## Your task
Once you find the line with "mini cofanetto legno", output it and every line after it exactly, through the last line of the listing, but no pictures.

## Data
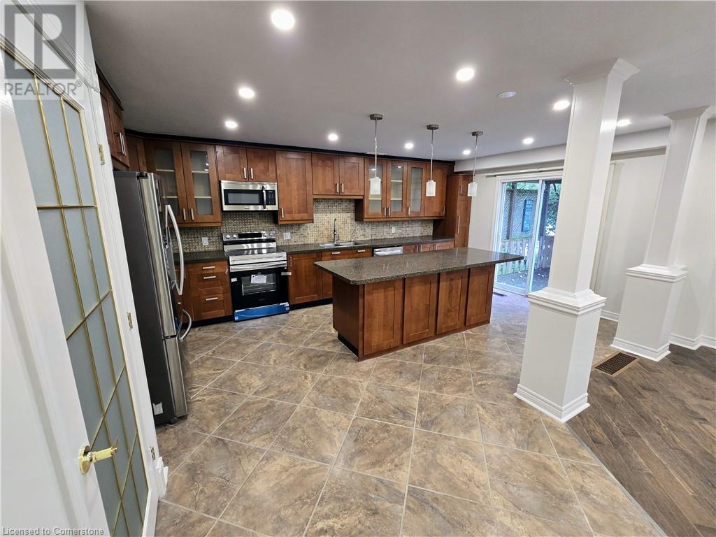 This spectacular 2-in-1 home is a rare lease opportunity offering incredible space, flexibility, and value—ideal for large or multigenerational families who want their own space under one roof. Featuring two fully equipped kitchens with brand-new stainless steel appliances, the home includes a beautifully renovated main kitchen with an oversized island, pot lights, and a formal dining area perfect for family gatherings. The upper level offers 3 spacious bedrooms, including a massive primary suite with a 5-piece ensuite, walk-in closet, and walk-out to a private covered balcony, plus the convenience of top-floor laundry. The fully finished basement has its own private entrance from the garage and offers a 1-bedroom suite with its own kitchen, bathroom, and family room. This carpet-free home features two gas fireplaces, crown moulding, fresh paint, and plenty of natural light. Enjoy a fully fenced backyard with no rear neighbours and a large deck ideal for outdoor entertaining. Located in a quiet, family-friendly neighbourhood close to parks, schools, transit, and shopping. Lease includes the entire home, driveway, and garage (parking for 5). (id:46441)
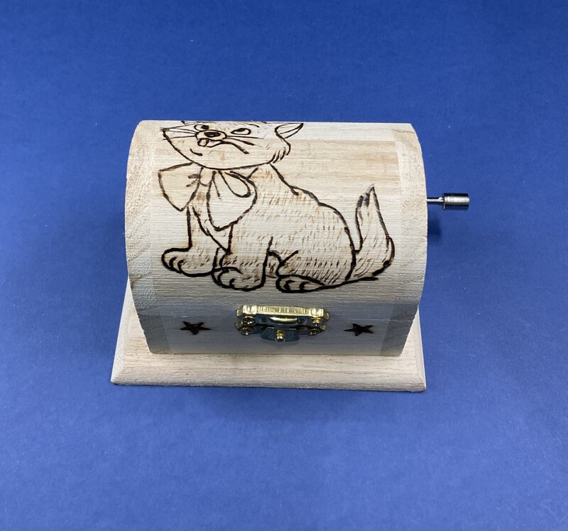 mini cofanetto legno a scrigno carillon musica Romeo e Giulietta, disegno gattino, con chiusura metallica.
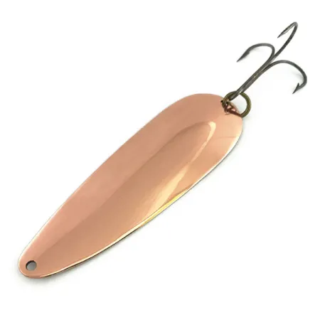 Довжиною 9 см (3 1/2 дюйма), ця класична коливалка має полірований мідний бік, що контрастує з нікельованою зворотною стороною. Знайти примірник у стані 5/5 — справжня знахідка для будь-якого колекціонера, адже поверхні зберегли блиск і не мають видимих слідів зносу. Клеймо на звороті — «DARDEVLE» DETROIT U.S.A. — свідчить про спадщину раннього виробництва Лу Еппінгера в Мічигані до переїзду компанії в Дірборн у 1959 році. Ця приманка (артикул 9425) має значну вагу 28 г (1 унція), розраховану на облов глибин під час закидання чи тролінгу. Її ввігнуте видовжене тіло оснащене надійним трійником на потужному заводному кільці, що демонструє якість оригінальних штампів американського виробництва. У той час як лицьова частина сяє теплим мідним тоном, нікельована спинка дає класичні відблиски для різних умов на воді, відповідно до принципів дизайну, закладених Еппінгером понад століття тому.
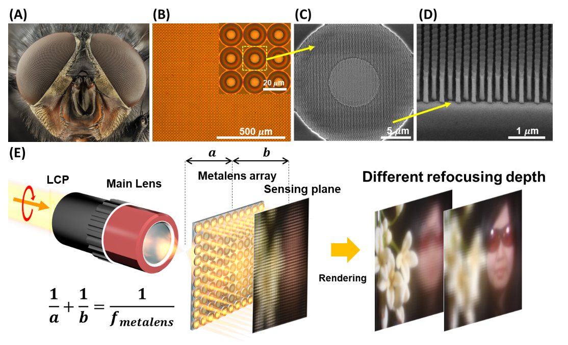 (E) Schematic diagram of light field imaging with achromatic metalens array and rendered images.
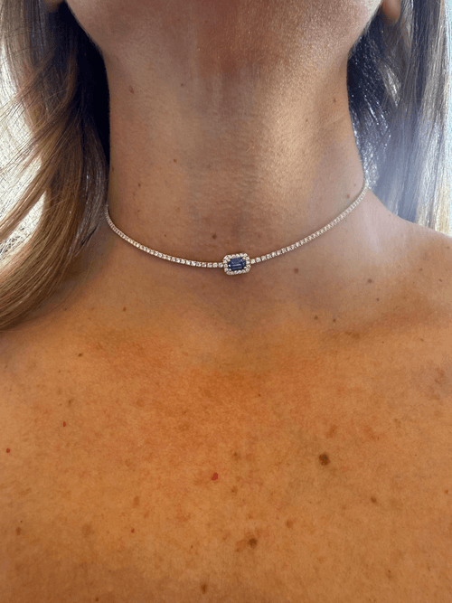 Elegancia atemporal en su máxima expresión. Gargantilla tipo choker en oro amarillo con delicada línea de diamantes que enmarca un zafiro azul profundo en corte esmeralda, rodeado por un halo de brillo intenso. Su diseño fino y sofisticado realza el cuello con un toque de lujo discreto, perfecto para elevar cualquier look, de día o de noche.

## Task solution
 mini cofanetto legno a scrigno carillon musica Romeo e Giulietta, disegno gattino, con chiusura metallica.
 Довжиною 9 см (3 1/2 дюйма), ця класична коливалка має полірований мідний бік, що контрастує з нікельованою зворотною стороною. Знайти примірник у стані 5/5 — справжня знахідка для будь-якого колекціонера, адже поверхні зберегли блиск і не мають видимих слідів зносу. Клеймо на звороті — «DARDEVLE» DETROIT U.S.A. — свідчить про спадщину раннього виробництва Лу Еппінгера в Мічигані до переїзду компанії в Дірборн у 1959 році. Ця приманка (артикул 9425) має значну вагу 28 г (1 унція), розраховану на облов глибин під час закидання чи тролінгу. Її ввігнуте видовжене тіло оснащене надійним трійником на потужному заводному кільці, що демонструє якість оригінальних штампів американського виробництва. У той час як лицьова частина сяє теплим мідним тоном, нікельована спинка дає класичні відблиски для різних умов на воді, відповідно до принципів дизайну, закладених Еппінгером понад століття тому.
 (E) Schematic diagram of light field imaging with achromatic metalens array and rendered images.
 Elegancia atemporal en su máxima expresión. Gargantilla tipo choker en oro amarillo con delicada línea de diamantes que enmarca un zafiro azul profundo en corte esmeralda, rodeado por un halo de brillo intenso. Su diseño fino y sofisticado realza el cuello con un toque de lujo discreto, perfecto para elevar cualquier look, de día o de noche.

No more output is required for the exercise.